▶ Work item
Below is a listing with pictures in it; transcribe exactly the lines from the one that has "Arrow Advertising Collars" through the one that has "And there is", and omit those pictures.

▶ Extracted information

* * * * * * *

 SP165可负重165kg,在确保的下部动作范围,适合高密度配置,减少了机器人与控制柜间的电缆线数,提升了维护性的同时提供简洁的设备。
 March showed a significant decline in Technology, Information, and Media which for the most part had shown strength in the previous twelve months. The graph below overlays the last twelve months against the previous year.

* * * * * * *

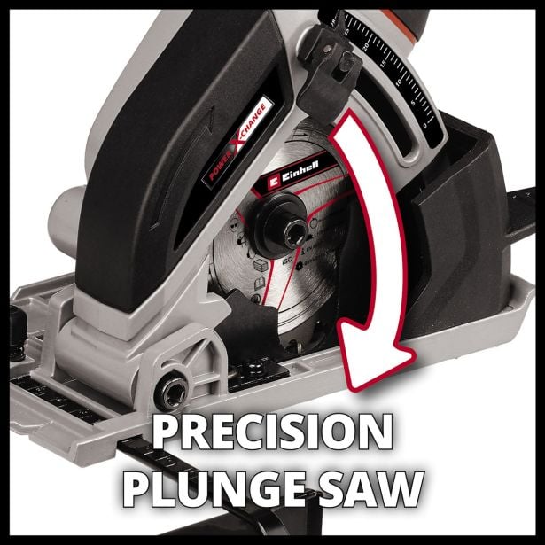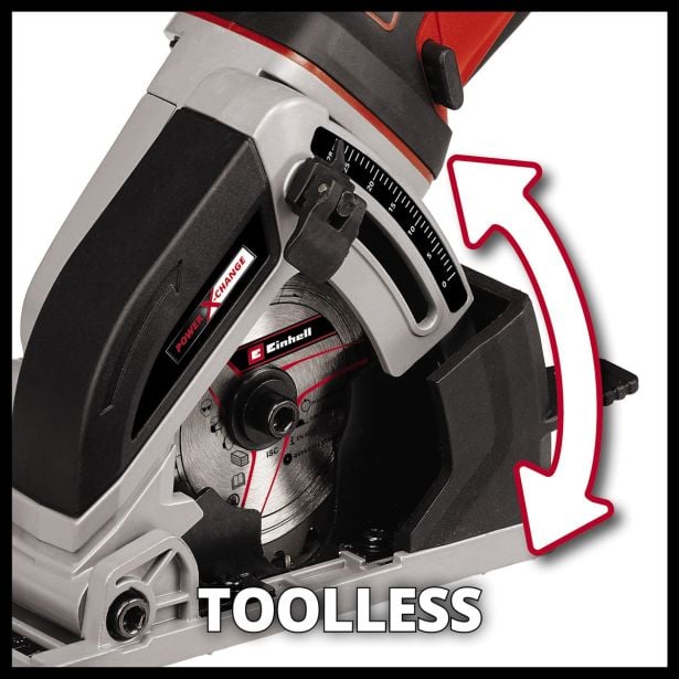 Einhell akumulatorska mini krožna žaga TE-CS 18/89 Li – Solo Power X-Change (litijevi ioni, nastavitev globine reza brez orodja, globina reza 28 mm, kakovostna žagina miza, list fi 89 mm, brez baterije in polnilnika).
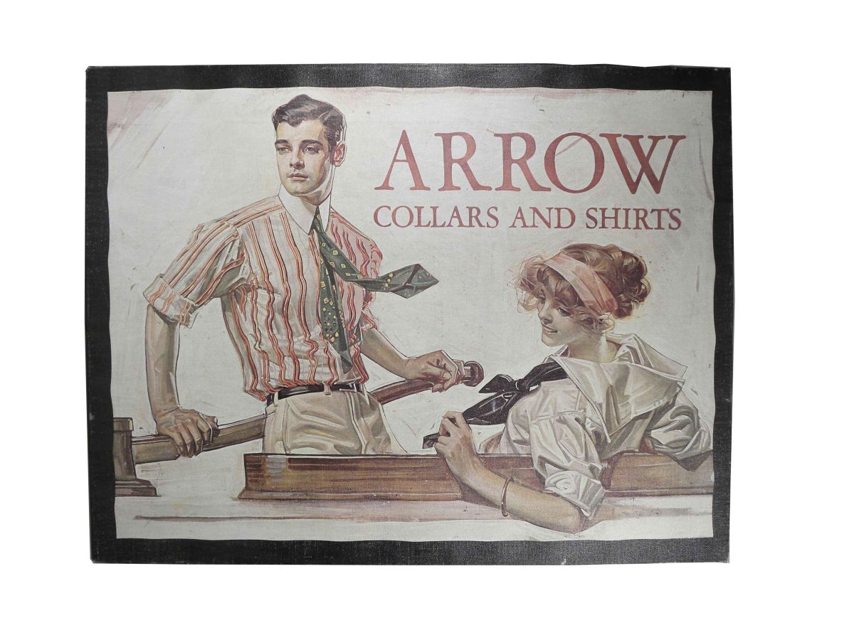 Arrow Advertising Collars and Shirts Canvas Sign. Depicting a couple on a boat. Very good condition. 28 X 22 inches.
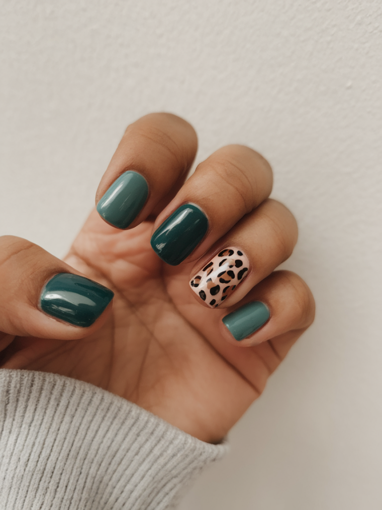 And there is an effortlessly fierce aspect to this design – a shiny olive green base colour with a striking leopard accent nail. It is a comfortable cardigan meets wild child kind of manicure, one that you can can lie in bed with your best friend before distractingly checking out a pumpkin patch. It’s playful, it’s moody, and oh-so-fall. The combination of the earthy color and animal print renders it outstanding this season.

* * * * * * *

▶ Answer to this task
 Arrow Advertising Collars and Shirts Canvas Sign. Depicting a couple on a boat. Very good condition. 28 X 22 inches.
 And there is an effortlessly fierce aspect to this design – a shiny olive green base colour with a striking leopard accent nail. It is a comfortable cardigan meets wild child kind of manicure, one that you can can lie in bed with your best friend before distractingly checking out a pumpkin patch. It’s playful, it’s moody, and oh-so-fall. The combination of the earthy color and animal print renders it outstanding this season.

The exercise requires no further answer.